Она встала, едва не уронив маленького Варфоломея, сделала шаг, второй навстречу супругу, и у самой вдруг все словно поплыло в глазах: стала мягко заваливать навзничь…
В обморочных сумерках чьи-то руки, пляска дверей, голоса, грубый зык Яши, старшего ключника, топот и гам снаружи… Кирилл держал ее за плечи. Мария, медленно приходя в себя, стуча зубами о край ковша, пила терпкий, холодный квас. А уже в горнице полюднело. Суетились, несли сундуки и укладки, сворачивали толстый ковер, уже держали наготове дорожный опашень боярыни, уже укутывали маленького, когда в покой ворвался разбуженный нянькою и едва одетый Стефан:
– Батюшка! Татары, да? Будем драться?
– С Ордой?! – вопросил, бледно усмехнувши, отец. – Бежим, вот!
– Бежим? – Мальчик недоуменно уставился на родителей, только тут приметив гомон и кишение прислуги, торопливый вынос добра и рухляди.
– Нет! – возопил он с отчаяньем и слезами в голосе. – Опять! Опять то же! Батюшка! Ты должон погинуть, как князь Михайло в Орде, вот! – выпалил вдруг Стефан с разгоревшимся лицом, сжав кулаки. – А я… а мы все… – Он не находил слов, но такая сила была в голосе отрока, что Кирилл смутился, отступив.
Испуганная Мария попыталась было привлечь первенца к своей груди, но он упрямо вырвался из разнеживающих материнских объятий и стоял одинокий, маленький и неумолимый, с тем, уже начавшим обозначаться сквозь детскую мягкость, резким обрубом прямого стремительного лица, будто стесанного одним резким ударом топора ото лба к подбородку, с темными провалами очей, «огненосных», – как скоро назовут глаза юноши Стефана, – стоял и не прощал всему миру: себе, родителям, граду Ростову, готовый укорить даже и Господа, ежели б не знал твердо, что нынешнее гибельное позорование Руси есть Божья кара за грехи преждебывших и нынешних русичей…
– Погибнуть, да! И я, я тоже!
– А что будет, когда татары придут, со мною? – вопросила Мария. – И с ним? – указала она на сверток с красным личиком в руках у няньки.
Стефан перевел взгляд с матери на меньшого братца, так некстати появившегося на свет, набычился, не зная, как и чем возразить матери, минуту постоял, пунцовый, закусив губы и сжав кулачки, и вдруг, громко зарыдав, выбежал вон из покоя.
– Беги за ним! – первая нашлась Мария, пихнув в загривок сенную девку. Тут же двое оружных холопов, опомнясь, бросились ловить отрока. Стефан, пойманный ими на переходах, не сопротивлялся, только, пока его несли до возка, бился в отчаянных судорожных рыданьях, запрокидывая голову, храпя и в кровь кусая себе губы…
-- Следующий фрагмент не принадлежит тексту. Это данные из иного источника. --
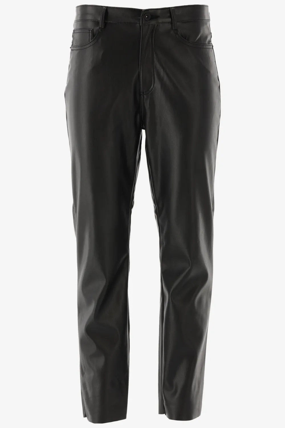 - Rechte lederlook broek- Lengte deuvel- Hoge taille- 5 zakken- Riem gespen- Voorsluiting- Rekbaar materiaal- Binnenbeenlengte: 75 cm in maat S/34- Het model draagt maat S/34

Нежданный приступ и укоризны сына заставили Кирилла опомниться. Он попытался взять себя в руки. Сняв ключи с пояса, велел выносить дорогое оружие и узорочье из бертьяницы. Но все плыло, проваливало, мутилось в голове, и кабы не Яков, так бы и потекло мимо, нелепо и врозь, рассыпаясь в безобразном, безоглядном бегстве…
Яков поднял на ноги дружину, силой собрал растерянных холопов, повелел запрягать и торочить коней и выпускать на волю скот из хлевов – по кустам разбежат, дак и то татарам поболе заботы станет имать кажного арканом!
На крыльце их обняла теплая летняя ночь. Сухая, нагретая за день пыль отдавала солнечный зной и гасила шаги. Шелестели кузнечики в кустах сада. Звезды, срываясь, чертили огнистый след. Ночь пахла теплом, мятою, зреющим хлебом. Но в теплой ночи потревоженно ржали кони, плакали дети, гомонили бабы, и зарницы, вспыхивающие над землей, казались заревом горящего Ярославля.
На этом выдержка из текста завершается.